_ACTIVITY_
Produce a verbatim transcript of the entries below, excluding pictures.

[Records from a data source]
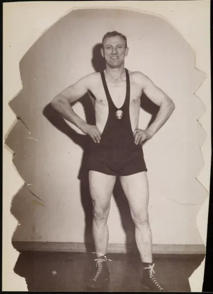 Trygve Andersen, som senere tok navnet Byman, i brytedrakt. Reprofoto av utklipt bilde.
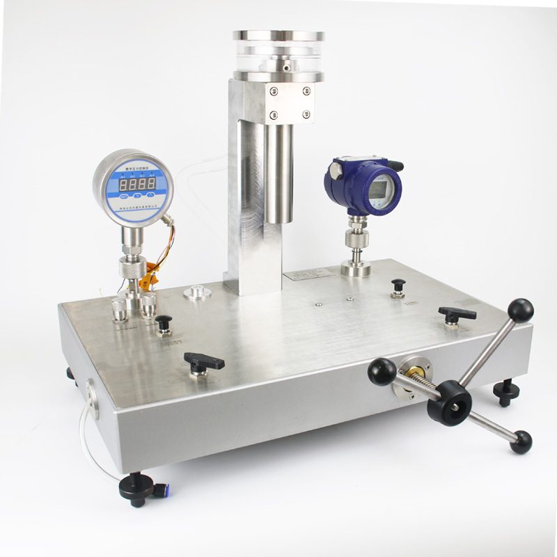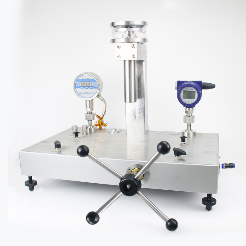 純氣體活塞式壓力計是利用流體靜力平衡(即作用在活塞有效面積積上的流體壓 力與其所負荷的重力相平衡)原理進行壓力測量的計量器具。氣體活塞式壓力計是高準確度壓力標準器,用氣體做工作介質(zhì),可 測量和校準表壓、絕壓、真空壓力負壓)等。活塞式壓力計的活塞桿材料是碳化 鎢,活塞筒材料是碳化鎢,從而保證了活塞具有不銹、耐磨和穩(wěn)定使用壽命長的特點。氣體活塞式壓力計相比液體活塞式壓力計,由于它們使用的工作介質(zhì),所以 氣體活塞式壓力計延續(xù)時間、靈敏度高、重復性好,測量數(shù)據(jù)準確可靠。
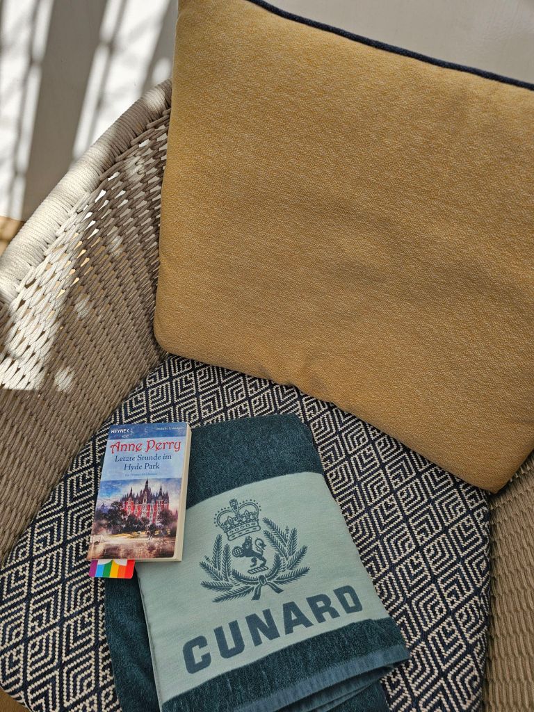 Auf Cunard-Reisen lese ich gerne „britisch“. Dieses Mal auch mit einem für mich neuen Anne Perry, der 1899 spielt und in dem Queen Victoria am Ende ihrer Regierungszeit eine wichtige Rolle spielt.
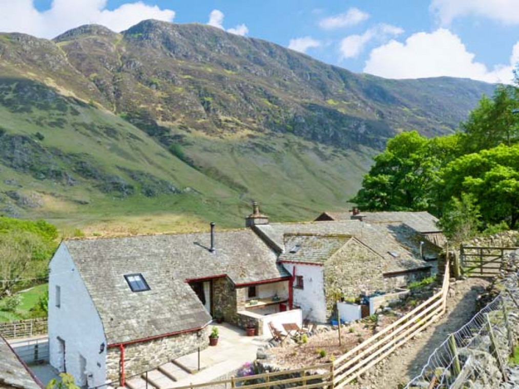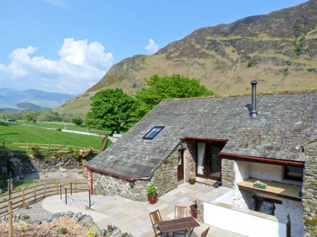 An outstanding first floor barn conversion, situated on a working farm in the Newlands Valley, five miles from Keswick. The Hayloft is one of our premier Keswick cottages and is situated in some of the finest countryside in the whole of Lakeland; from its position on the fell it commands the most awe-inspiring views of the valley and the surrounding fells, making it an ideal base for couples looking to enjoy this beautiful area. This quality Lakeland cottage has been fully renovated to provide first class, contemporary holiday accommodation with much character and style, still retaining many of the barn's original features such as old beams and the original window reveals. This Lake District cottage boasts a beautiful open plan living area with a warm and cosy woodburning stove, a modern well-equipped kitchen and lovely feature windows to take advantage of the spectacular views of the fells. The bedrooms in this Lake District cottage are located at either end of the living area and contain splendid super king-size, zip and link beds, along with superb en-suite facilities. Outside, a lovely Lakeland cottage garden adds the final piece to this delightful Lake District cottage. With great walks from the doorstep, including the Newlands Horseshoe, a five-hour walk with breathtaking views of Skiddaw and Blencathra, this is a perfect destination for those who love the great outdoors. Just a couple of miles from your Lake District cottage the village of Braithwaite offers traditional old pubs and well-stocked village shops and the lovely old Lakeland town of Keswick, with its many attractions, is just a short drive away. A wonderfully romantic Lakeland cottage retreat, in a fabulous location, whatever the time of year. All first floor. Two bedrooms: 2 x super king-size double (zip and link), both with en-suite shower, basin, WC and heated towel rails. Open plan living area with fitted kitchen, dining area and sitting area with woodburning stove. Separate utility, bike storage and kennelling area on ground floor of barn. Amenities for Rental Oil central heating with woodburning stove in sitting area Electric oven and hob, microwave, slow cooker, fridge/freezer, washing machine, tumble dryer, dishwasher, Smart TV with Freeview, CD, radio, selection of books, games and DVDs, Superfast WiFi Fuel and power inc. in rent, fuel for woodburning stove provided on honesty box basis Bed linen and towels inc. in rent Cot and highchair Off road parking for 2 cars Small rear garden and patio with garden furniture One well-behaved pet welcome Sorry, no smoking Shops 3 miles, pub 1 mile Note: The cottage is accessed via rear steps leading to a level entrance by the garden A ramp also runs to the entrance Note: The owners provide a steel kennel/cage in the utility room for pets if required.
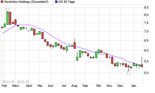 Mit dem Anstieg auf 5,40 EUR hat die Nisshinbo Holdings-Aktie am 24.01.2025 die 50-Tage-Linie nach oben gekreuzt.

_THE ANSWER_
 Trygve Andersen, som senere tok navnet Byman, i brytedrakt. Reprofoto av utklipt bilde.
 純氣體活塞式壓力計是利用流體靜力平衡(即作用在活塞有效面積積上的流體壓 力與其所負荷的重力相平衡)原理進行壓力測量的計量器具。氣體活塞式壓力計是高準確度壓力標準器,用氣體做工作介質(zhì),可 測量和校準表壓、絕壓、真空壓力負壓)等。活塞式壓力計的活塞桿材料是碳化 鎢,活塞筒材料是碳化鎢,從而保證了活塞具有不銹、耐磨和穩(wěn)定使用壽命長的特點。氣體活塞式壓力計相比液體活塞式壓力計,由于它們使用的工作介質(zhì),所以 氣體活塞式壓力計延續(xù)時間、靈敏度高、重復性好,測量數(shù)據(jù)準確可靠。
 Auf Cunard-Reisen lese ich gerne „britisch“. Dieses Mal auch mit einem für mich neuen Anne Perry, der 1899 spielt und in dem Queen Victoria am Ende ihrer Regierungszeit eine wichtige Rolle spielt.
 An outstanding first floor barn conversion, situated on a working farm in the Newlands Valley, five miles from Keswick. The Hayloft is one of our premier Keswick cottages and is situated in some of the finest countryside in the whole of Lakeland; from its position on the fell it commands the most awe-inspiring views of the valley and the surrounding fells, making it an ideal base for couples looking to enjoy this beautiful area. This quality Lakeland cottage has been fully renovated to provide first class, contemporary holiday accommodation with much character and style, still retaining many of the barn's original features such as old beams and the original window reveals. This Lake District cottage boasts a beautiful open plan living area with a warm and cosy woodburning stove, a modern well-equipped kitchen and lovely feature windows to take advantage of the spectacular views of the fells. The bedrooms in this Lake District cottage are located at either end of the living area and contain splendid super king-size, zip and link beds, along with superb en-suite facilities. Outside, a lovely Lakeland cottage garden adds the final piece to this delightful Lake District cottage. With great walks from the doorstep, including the Newlands Horseshoe, a five-hour walk with breathtaking views of Skiddaw and Blencathra, this is a perfect destination for those who love the great outdoors. Just a couple of miles from your Lake District cottage the village of Braithwaite offers traditional old pubs and well-stocked village shops and the lovely old Lakeland town of Keswick, with its many attractions, is just a short drive away. A wonderfully romantic Lakeland cottage retreat, in a fabulous location, whatever the time of year. All first floor. Two bedrooms: 2 x super king-size double (zip and link), both with en-suite shower, basin, WC and heated towel rails. Open plan living area with fitted kitchen, dining area and sitting area with woodburning stove. Separate utility, bike storage and kennelling area on ground floor of barn. Amenities for Rental Oil central heating with woodburning stove in sitting area Electric oven and hob, microwave, slow cooker, fridge/freezer, washing machine, tumble dryer, dishwasher, Smart TV with Freeview, CD, radio, selection of books, games and DVDs, Superfast WiFi Fuel and power inc. in rent, fuel for woodburning stove provided on honesty box basis Bed linen and towels inc. in rent Cot and highchair Off road parking for 2 cars Small rear garden and patio with garden furniture One well-behaved pet welcome Sorry, no smoking Shops 3 miles, pub 1 mile Note: The cottage is accessed via rear steps leading to a level entrance by the garden A ramp also runs to the entrance Note: The owners provide a steel kennel/cage in the utility room for pets if required.
 Mit dem Anstieg auf 5,40 EUR hat die Nisshinbo Holdings-Aktie am 24.01.2025 die 50-Tage-Linie nach oben gekreuzt.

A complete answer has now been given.